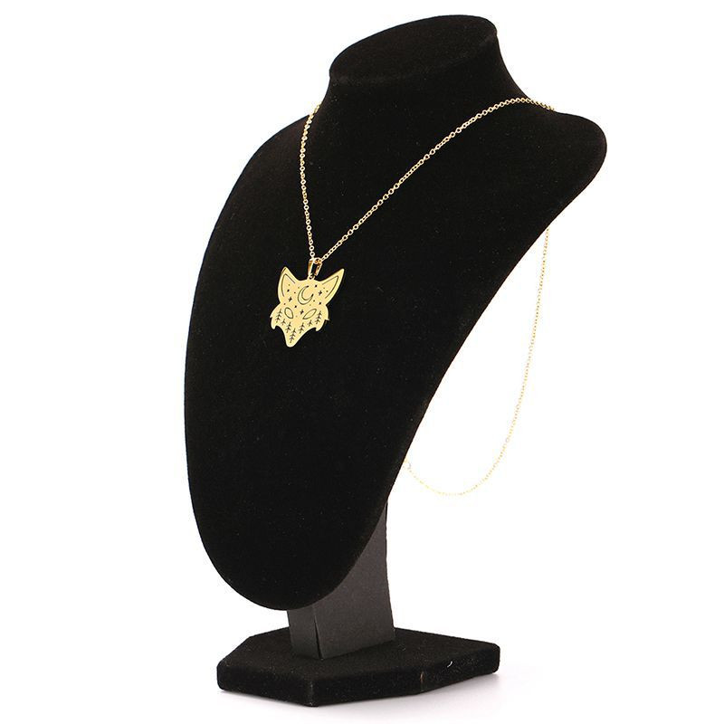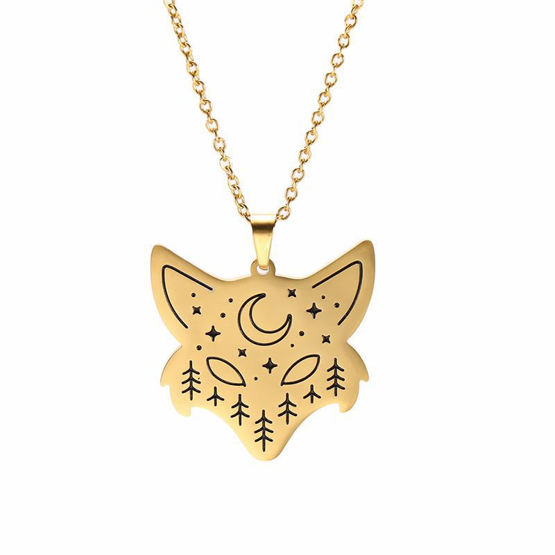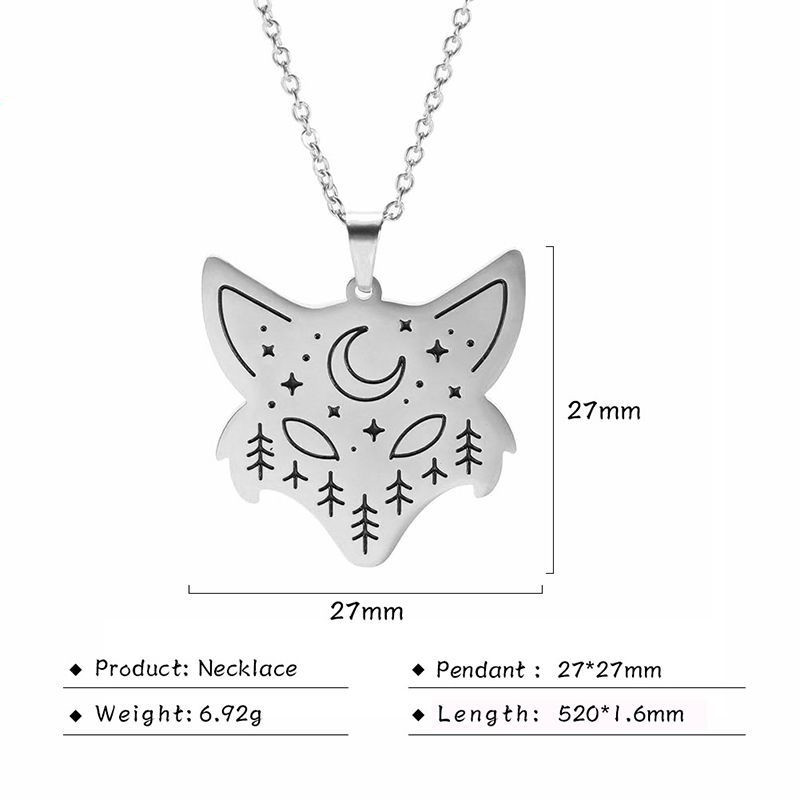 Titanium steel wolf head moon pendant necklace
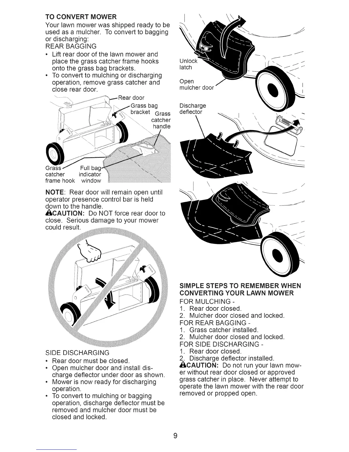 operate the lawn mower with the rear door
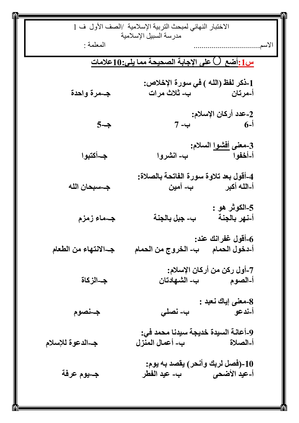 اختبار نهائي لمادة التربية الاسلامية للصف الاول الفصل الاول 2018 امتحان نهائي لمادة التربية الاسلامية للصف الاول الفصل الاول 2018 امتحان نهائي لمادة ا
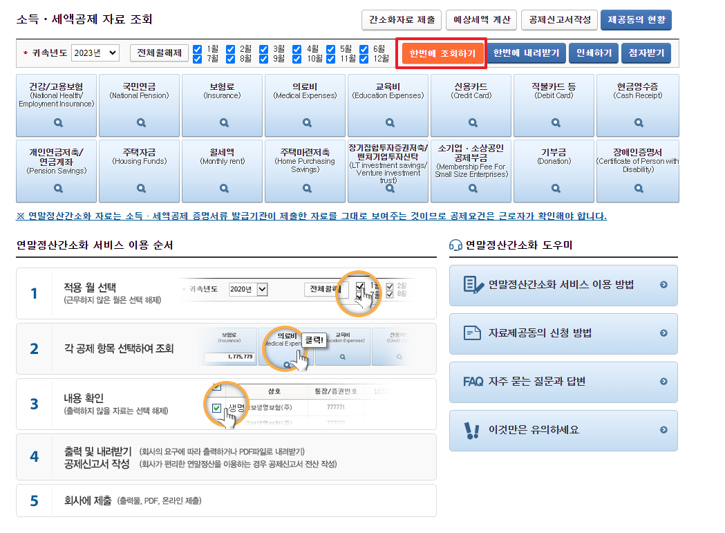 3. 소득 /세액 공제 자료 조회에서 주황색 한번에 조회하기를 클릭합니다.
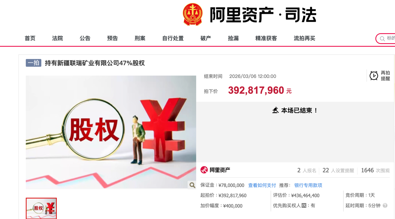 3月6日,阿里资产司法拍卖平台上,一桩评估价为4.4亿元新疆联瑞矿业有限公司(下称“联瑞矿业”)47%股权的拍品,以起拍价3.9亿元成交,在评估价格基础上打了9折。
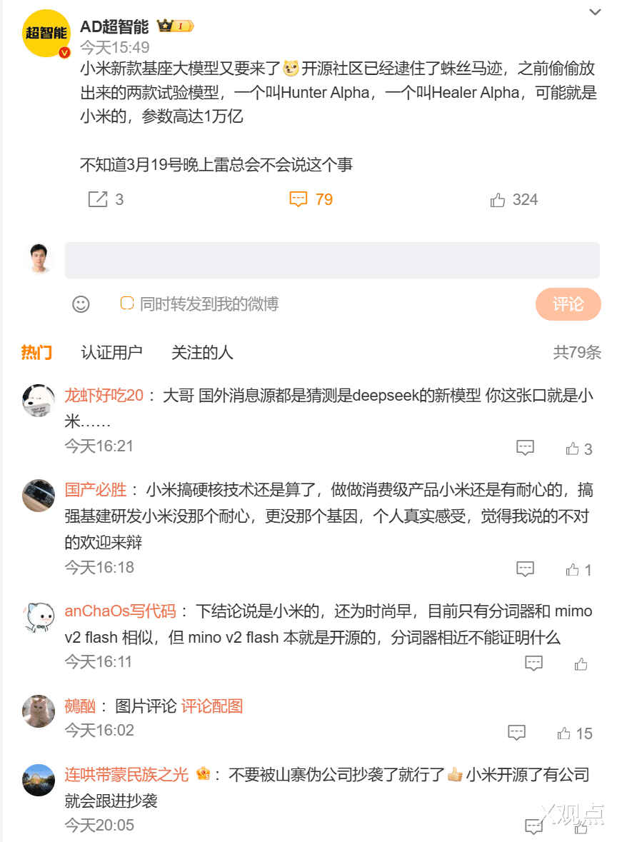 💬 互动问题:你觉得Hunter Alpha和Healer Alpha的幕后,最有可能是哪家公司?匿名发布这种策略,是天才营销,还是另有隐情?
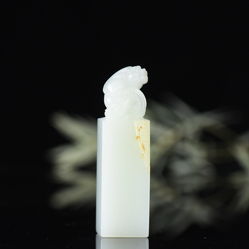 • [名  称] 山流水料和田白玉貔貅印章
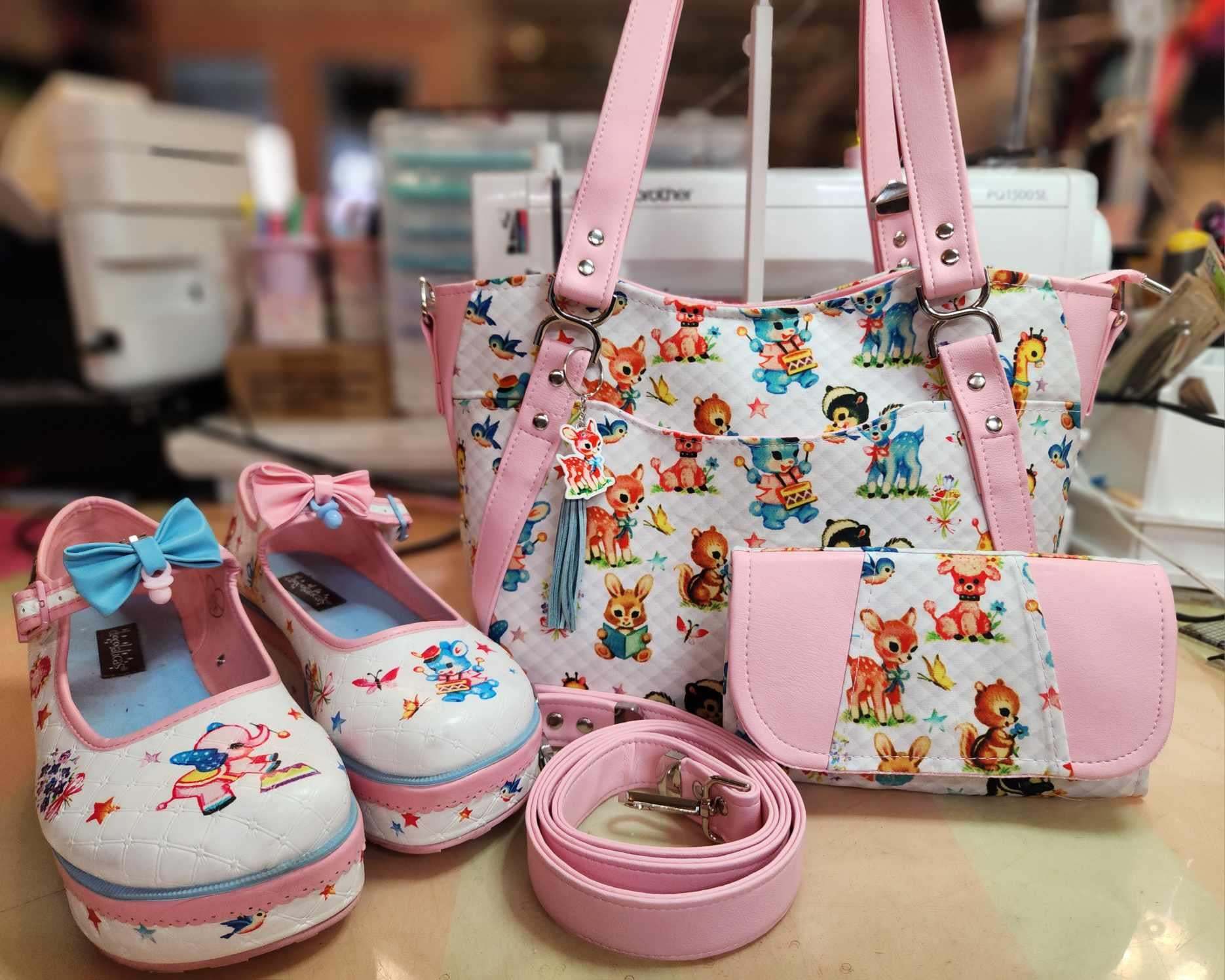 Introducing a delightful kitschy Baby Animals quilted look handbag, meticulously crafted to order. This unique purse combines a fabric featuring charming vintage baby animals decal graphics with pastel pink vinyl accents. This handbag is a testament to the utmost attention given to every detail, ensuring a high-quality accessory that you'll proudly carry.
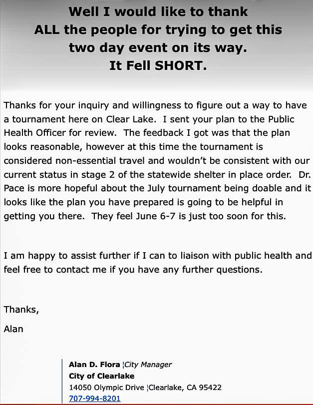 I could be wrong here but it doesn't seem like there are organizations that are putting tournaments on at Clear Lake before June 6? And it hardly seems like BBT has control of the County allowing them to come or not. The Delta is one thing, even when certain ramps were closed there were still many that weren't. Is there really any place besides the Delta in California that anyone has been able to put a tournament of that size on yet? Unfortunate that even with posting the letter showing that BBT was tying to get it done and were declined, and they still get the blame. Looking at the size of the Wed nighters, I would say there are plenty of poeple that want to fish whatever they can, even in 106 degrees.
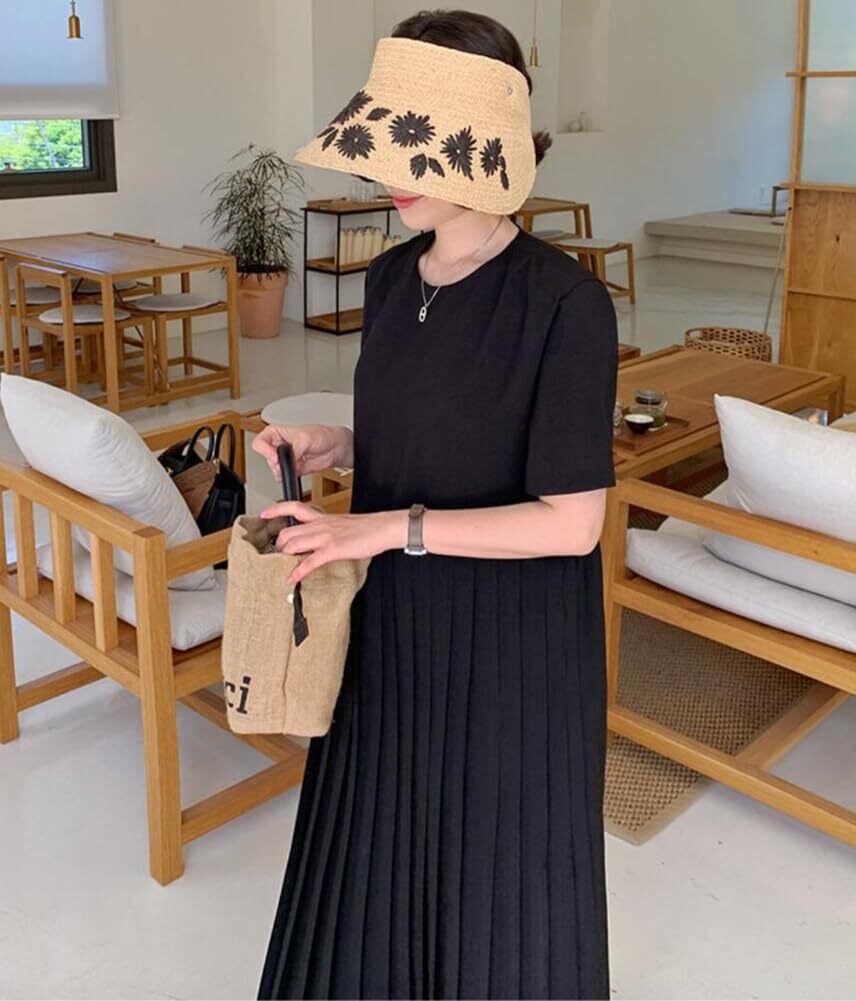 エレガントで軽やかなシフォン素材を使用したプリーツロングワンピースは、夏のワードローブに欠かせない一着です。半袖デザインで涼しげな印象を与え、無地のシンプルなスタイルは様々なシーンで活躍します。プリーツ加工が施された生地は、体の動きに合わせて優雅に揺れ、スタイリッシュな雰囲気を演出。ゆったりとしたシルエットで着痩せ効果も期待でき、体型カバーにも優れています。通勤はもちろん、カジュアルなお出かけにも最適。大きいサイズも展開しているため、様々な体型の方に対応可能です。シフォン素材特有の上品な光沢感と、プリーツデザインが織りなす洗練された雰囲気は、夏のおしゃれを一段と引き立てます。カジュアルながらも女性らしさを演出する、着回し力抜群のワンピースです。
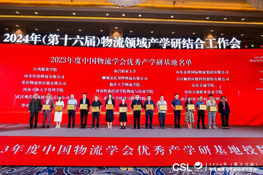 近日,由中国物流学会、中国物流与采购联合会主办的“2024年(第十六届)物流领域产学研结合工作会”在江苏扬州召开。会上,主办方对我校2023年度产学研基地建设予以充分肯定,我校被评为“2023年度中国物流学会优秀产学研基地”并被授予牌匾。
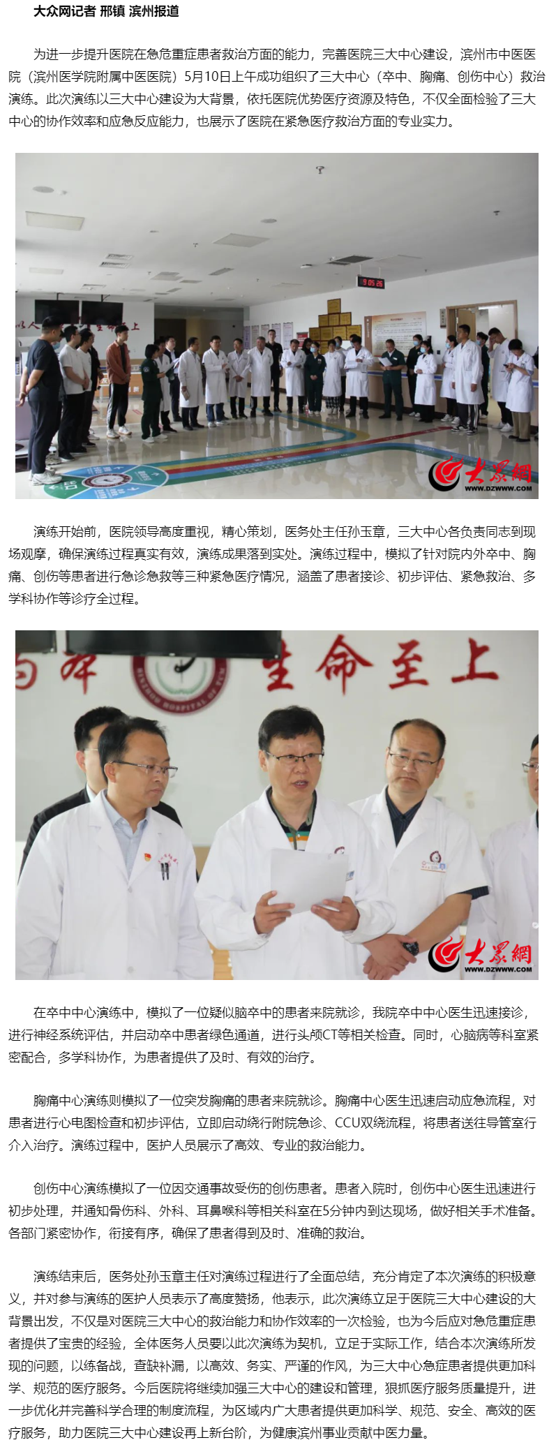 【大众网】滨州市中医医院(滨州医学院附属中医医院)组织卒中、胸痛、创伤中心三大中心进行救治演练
....
**Work item**
Retype the lines above exactly as they appear, from the line containing "اختبار نهائي لمادة" through the line containing "Introducing a delightful", and leave out any pictures.

**Finished task**
 اختبار نهائي لمادة التربية الاسلامية للصف الاول الفصل الاول 2018 امتحان نهائي لمادة التربية الاسلامية للصف الاول الفصل الاول 2018 امتحان نهائي لمادة ا
 3. 소득 /세액 공제 자료 조회에서 주황색 한번에 조회하기를 클릭합니다.
 3月6日,阿里资产司法拍卖平台上,一桩评估价为4.4亿元新疆联瑞矿业有限公司(下称“联瑞矿业”)47%股权的拍品,以起拍价3.9亿元成交,在评估价格基础上打了9折。
 💬 互动问题:你觉得Hunter Alpha和Healer Alpha的幕后,最有可能是哪家公司?匿名发布这种策略,是天才营销,还是另有隐情?
 • [名  称] 山流水料和田白玉貔貅印章
 Introducing a delightful kitschy Baby Animals quilted look handbag, meticulously crafted to order. This unique purse combines a fabric featuring charming vintage baby animals decal graphics with pastel pink vinyl accents. This handbag is a testament to the utmost attention given to every detail, ensuring a high-quality accessory that you'll proudly carry.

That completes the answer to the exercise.